One hundred strikers established a coordinating committee to handle strike action, arrange relief for families and even publish a newspaper, The Organizer, to get their message out citywide. The committee also reached out to the jobless who, in the Great Depression, comprised one-third of all Minneapolis workers.
The Minneapolis mayor was pro-business and did nothing to stop the first police violence against the workers, on May 19. Six days later, the employers said they would accept the truckers’ demands and the workers returned to their jobs. But by July, the trucking firms were obviously violating the agreement: They had fired 700 workers and refused to agree to recognize the union, which had signed up an overwhelming majority of the truckers.
So the truckers had to strike again, on July 17. And the police really got violent. They opened fire with shotguns on unarmed strikers on July 20. Strikers John Belor and Henry Ness were killed and 65-67 others were injured. Most were shot in the back. Ness’ funeral, days later, brought Minneapolis to a complete halt: 100,000 people jammed the streets.
“A public commission set up after the strike later reported that ‘Police took direct aim at the pickets and fired to kill. Physical safety of the police was at no time endangered. No weapons were in possession of the pickets,'” the history says.
Reluctantly, pro-worker Gov.

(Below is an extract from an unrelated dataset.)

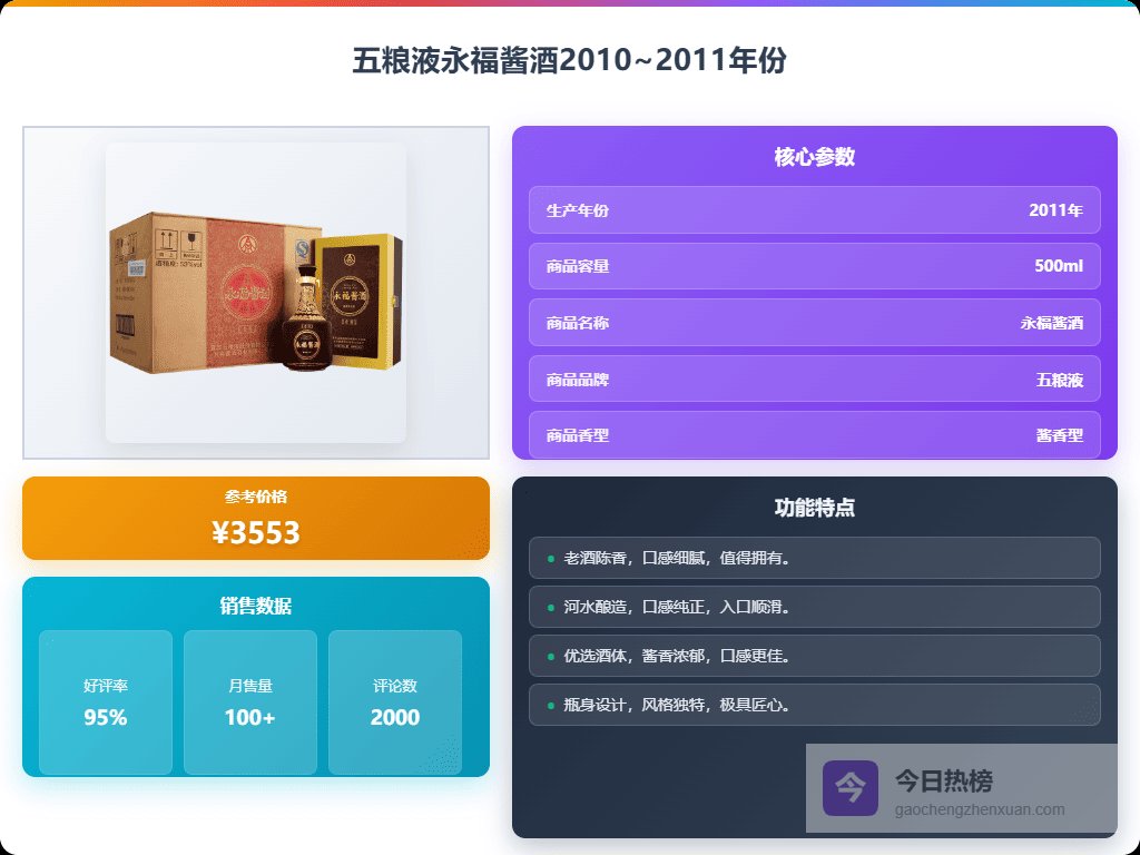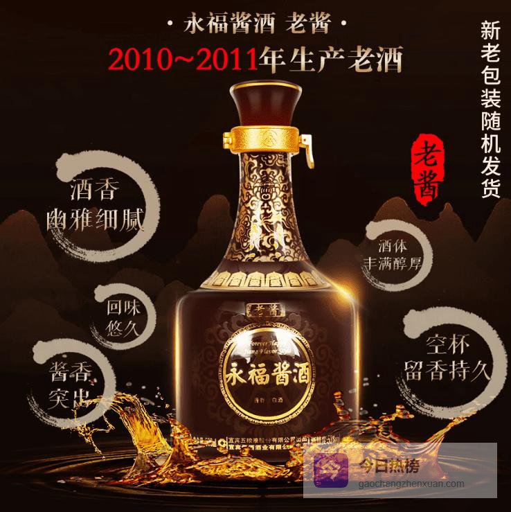 五、五粮液【陈年醇香】经过多年陈放,五粮液永福酱酒2010~2011年份的香气更显幽雅细腻,酱香突出,入口更为醇厚丰满。长时间的存放让酒中的风味物质融合得更加完美,喝起来顺滑细腻,不辛辣,余味悠长,非常适合喜欢细品慢饮的朋友。

Floyd Olson declared martial law, and ordered the National Guard to patrol Minneapolis, and let trucks bearing military permits through. “The union, seeing this as an attempt to break the strike, demanded all permits be revoked and in defiance of the martial law, the workers vowed again to return to the picket lines on Aug. 1.
“On the night of July 31, the union headquarters was surrounded and raided by the National Guard troops, who arrested many strike leaders. The union rank and file called a mass rally demanding release of the arrested leaders. Nearly 40,000 people marched on the stockade. The leaders were released and the captured union headquarters was surrendered.”
Three weeks later, the Citizens Alliance threw in the towel, after mediation prompted by closed-door briefings of both President Roosevelt and his top aides by union leaders, including the editor of the Minneapolis Labor Review. Teamsters Local 574 won, the alliance crashed, recognition elections were held at workplaces citywide, and the strike ended when the union won its major demands, such as raises through arbitration.
Much the same scenario occurred in San Francisco, where the longshore workers, under the leadership of Harry Bridges, saw two workers killed and dozens injured, the National Guard was called in and a general strike shut down the city. All this, plus worker action elsewhere, moved Sen. Robert Wagner, Sr., D-N.Y., to act. He believed and said, that giving workers the guaranteed right to organize and bargain collectively would lead to industrial peace – a justification for the law that still exists.
Wagner wrote the National Labor Relations Act (NLRA), the nation’s basic labor law, in early 1935, then convinced a reluctant Roosevelt to support it. The Senate passed the NLRA 63-12, the House approved it by voice vote, and Roosevelt signed it on July 5, 1935.
In the 1970s, KTCA Minneapolis produced a documentary on the strike. It can be viewed in two parts on YouTube.